Carney backs inflation targeting as best for UK, Canada

Tue Feb 12, 2013 12:44pm EST
 

OTTAWA (Reuters) - Mark Carney, the governor of the Bank of Canada who will switch jobs to take the helm of the Bank of England in July, said on Monday that inflation targeting is still the best approach for central banks in both the UK and Canada.

In remarks to Canadian legislators, Carney emphasized what he told a British members of Parliament last week when he cooled expectations that he would push for sweeping changes in British monetary policy.

Carney, who was asked by Canadian opposition legislator Guy Caron for his views on targeting nominal GDP - a mix of growth and inflation - rather than inflation only, did recommend a periodic review of that mandate with the option of changing it.
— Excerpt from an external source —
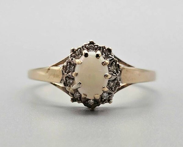 Deze prachtige vintage gouden ring is gemaakt van 9 karaat. De ring is gezet met diamanten en prachtige edelsteen opaal. De opaal is cabochon geslepen. De diamanten zijn briljant geslepen.
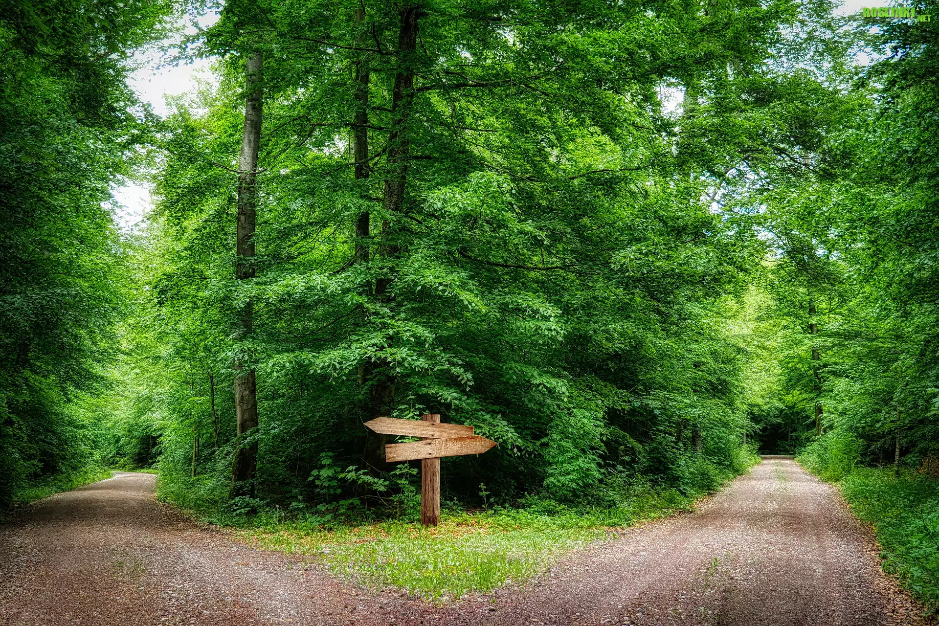 Rośliny: Las, Drogi, Zielone, Drzewa, Drogowskaz, Lato

Carney, in a speech in December, had mentioned nominal GDP-targeting in as an extreme measure in economies where central banks have run out of more conventional tools to boost their economies, leading some to speculate he would push for it at the Bank of England.
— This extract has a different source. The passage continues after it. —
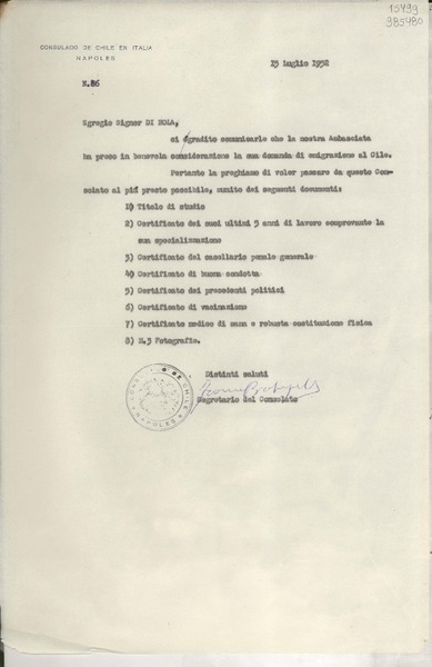 [Oficio] N° 86, 1952 luglio 15, Nápoles, Italia [a] Egregio Signor Di Nola [manuscrito] Secretario del Consulado.

"It is still the position of the Bank of Canada that a flexible inflation targeting framework is the best in the world," Carney said on Tuesday.

"I share (the idea of) flexible inflation targeting here and, as I said last week, in the United Kingdom as well," he added.

The 47-year old former Goldman Sachs banker will leave the Bank of Canada on June 1 and take his new job in London one month later.

He stressed that Canada and the UK had little in common in terms of economic challenges.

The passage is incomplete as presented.